Posted April 26, 2009, at 6:11 p.m.

Maine’s auto excise tax needs to be reformed to reflect the true cost of the vehicles not an imaginary Manufactured Suggested Retail Price, or MSRP, because very few people purchase new vehicles at these inflated costs. We need to be fair to working families by taxing vehicles at the actual costs of the vehicle. In addition, we need to demand a responsible fiscal budget policy from our towns and cities like we demand from state government.

The Maine Heritage Policy Center, a nonpartisan research and educational organization, cited some stunning figures: In 2004, Maine residents passed the Maine Municipal Association initiative that mandated the state fund 55 percent of local education with the promise that property tax would drop 15 percent. The governor and the Legislature provided municipal governments with $278 million in the past four years, translating into a 25 percent increase.

Counter to the increased state funding to local municipalities, local spending increased $659 million, a 22 percent increase. Property tax increased $343 million, which translated into a 21 percent increase.

A future ballot question would cut Maine’s high auto excise tax in half and provide $80 million in real tax relief to Maine families and businesses. For example, the owner of a 2008 Ford Focus will save $615 over five years with lower auto excise tax.

An Act To Decrease the Automobile Excise Tax and Promote Energy Efficiency decreases the excise tax imposed on motor vehicles for the first year from 24 mills to 12 mills, for the second year from 17.5 mills to 8 mills and for the third year from 13.5 mills to 4 mills and imposes a 4 mill rate for the fourth and succeeding years.

This bill also exempts from the excise tax imposed on motor vehicles the first three years of a hybrid gasoline-electric vehicle, a fuel-cell-fueled or hydrogen-fueled vehicle or a highly energy-efficient vehicle that has a highway fuel economy estimate of at least 40 miles to the gallon. After the first three years, the rate of excise tax is the same as on other motor vehicles of the same age.

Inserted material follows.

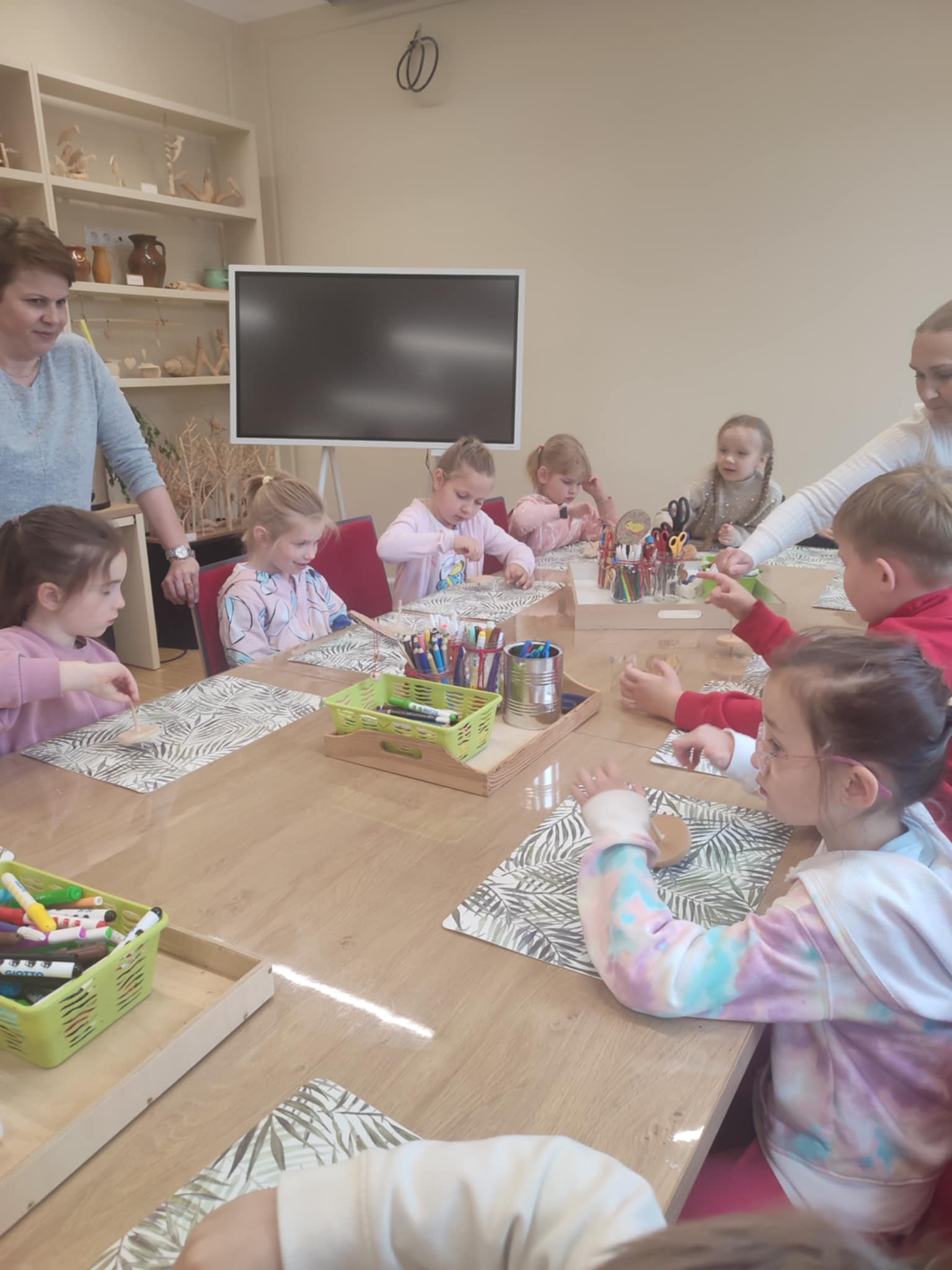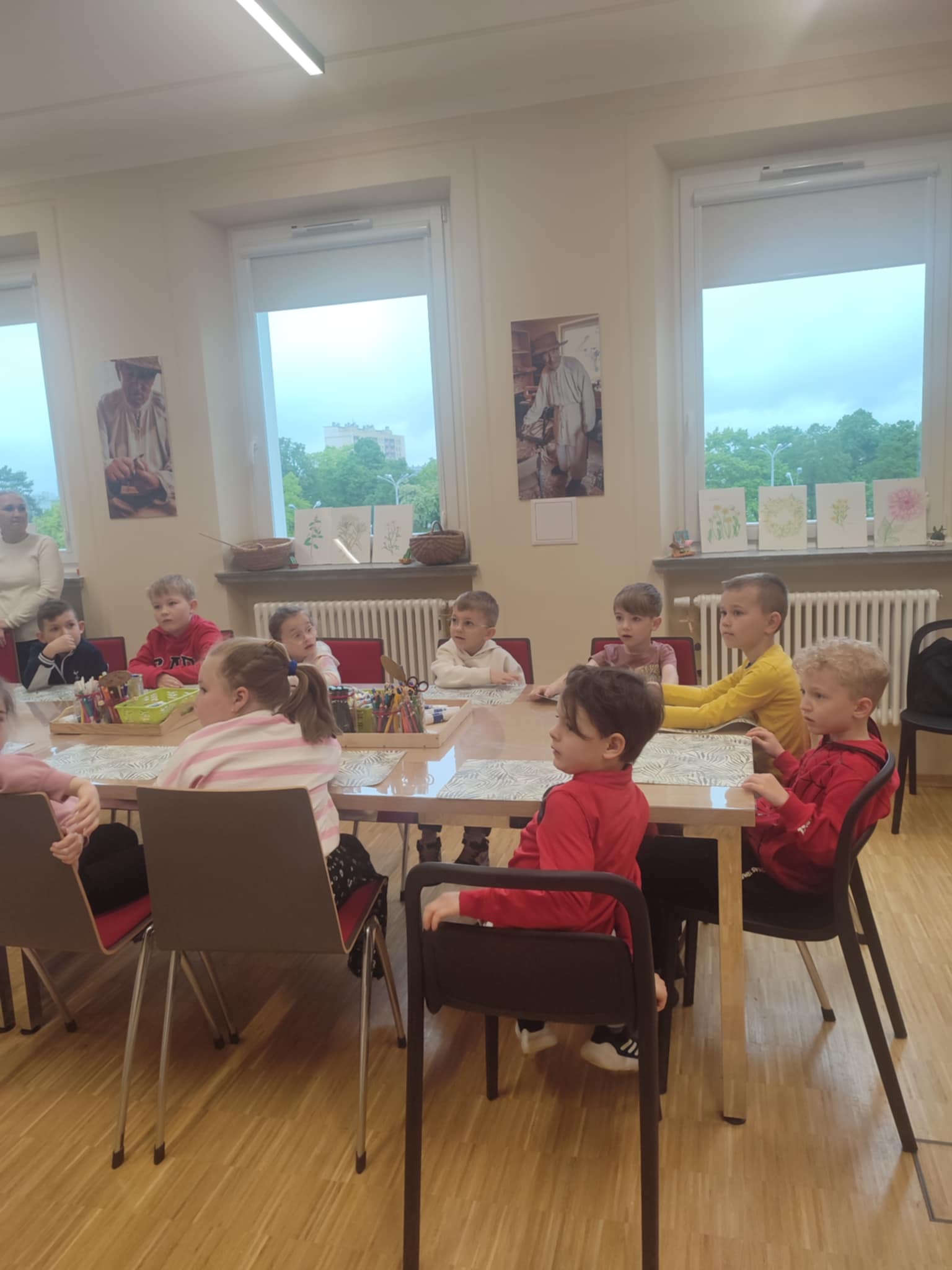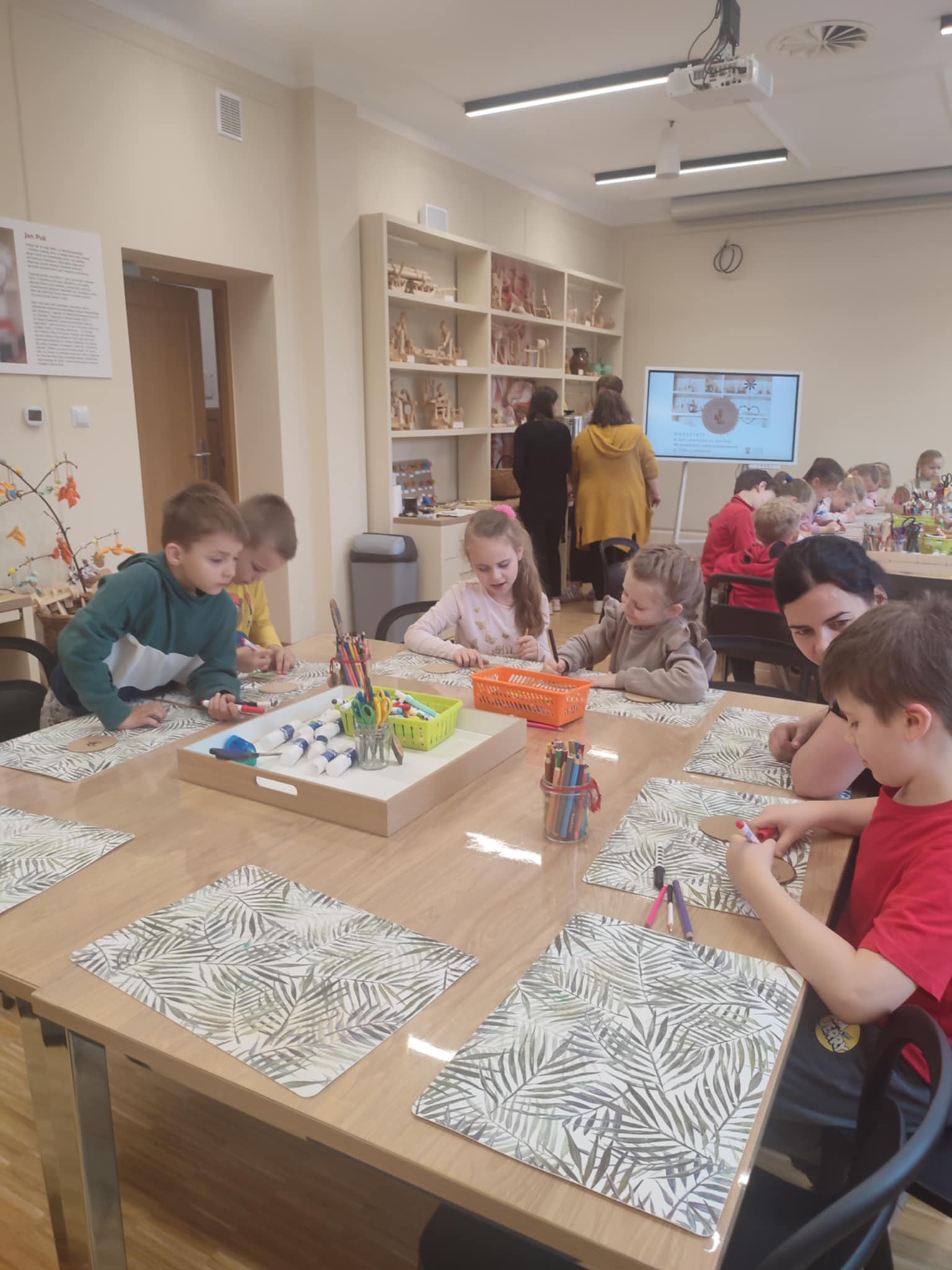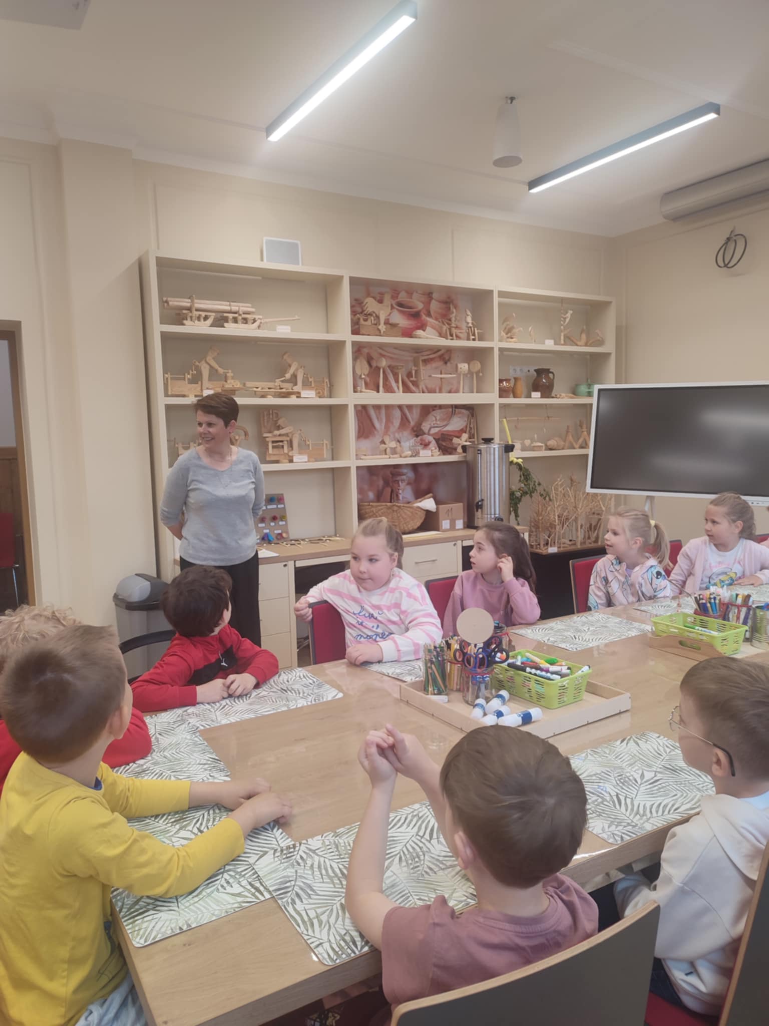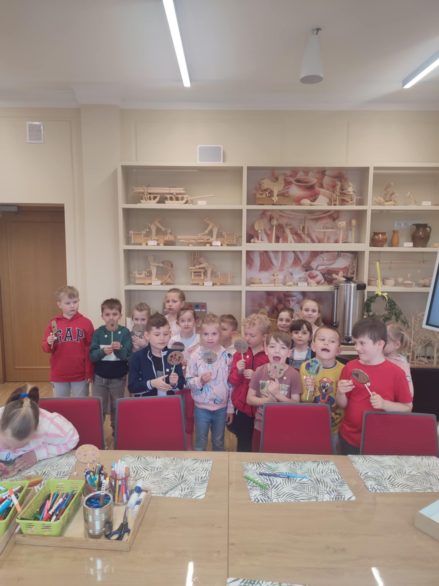 15.05.2025 r. dzieci z grupy ,,Zajączki” wybrały się do Miejskiego Domu Kultury w Stalowej Woli na warsztaty pt. ,, Półka z zabawkami w Izbie Lasowiackiej im. Jana Puka”. Przedszkolaki zapoznały się z dawnymi lasowiackimi zwyczajami, przekonały się jak kiedyś wyglądało życie na wsi, jakich sprzętów gospodarczych używano i jakie prace wiejskie wykonywano. Panie prowadzące przybliżyły dzieciom postać pana Jana Puka - słynnego artysty ludowego tworzącego zabawki z drewna. Przedszkolaki obejrzały bajkę ,,O cudownym zielu”. Podczas warsztatów manualnych dzieci wykonały własną zabawkę z naturalnych materiałów, którą pokolorowały według własnego pomysłu rozwijając kreatywność i twórcze myślenie.
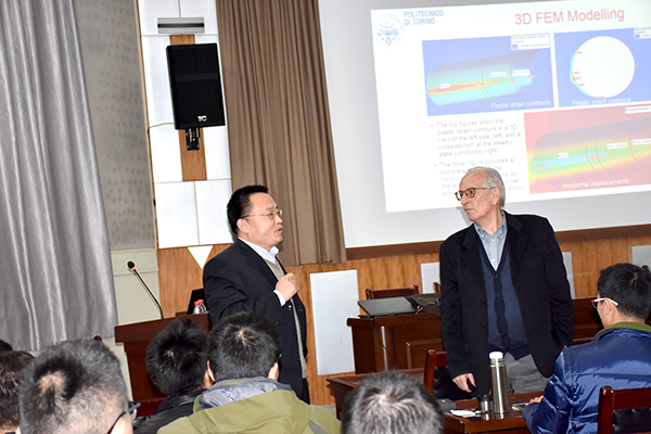 11月20日下午,应星空平台app_星空(中国)焦玉勇院长、唐志成博士邀请,岩石力学与工程领域国际知名专家、国际岩石力学领域权威期刊《Rock Mechanics and Rock Engineering》主编、意大利都灵理工大学Giovanni Barla教授来校做主题为 “Monitoring and modelling of tunnels and caverns”的学术报告。焦玉勇院长主持了报告会,学院60余名师生聆听了报告。

In an effort to create positive market conditions that support alternative energy and decrease our dependency on foreign oil, I strongly support the hybrid provision in the legislation. This bill also exempts from the sales tax 100 percent of the sale or lease price of a new hybrid gasoline-electric vehicle, a fuel-cell-fueled or hydro-gen-fueled vehicle or a vehicle with a highway fuel economy estimate of at least 40 miles per gallon.

I strongly support fair tax reform at all levels of state government for Maine families but it needs to be accompanied by consistent and equitable fiscal budget policy by local municipalities.

H. David Cotta, R-China, represents District 55 in the Maine House. He is a member of the State and Local Government Committee.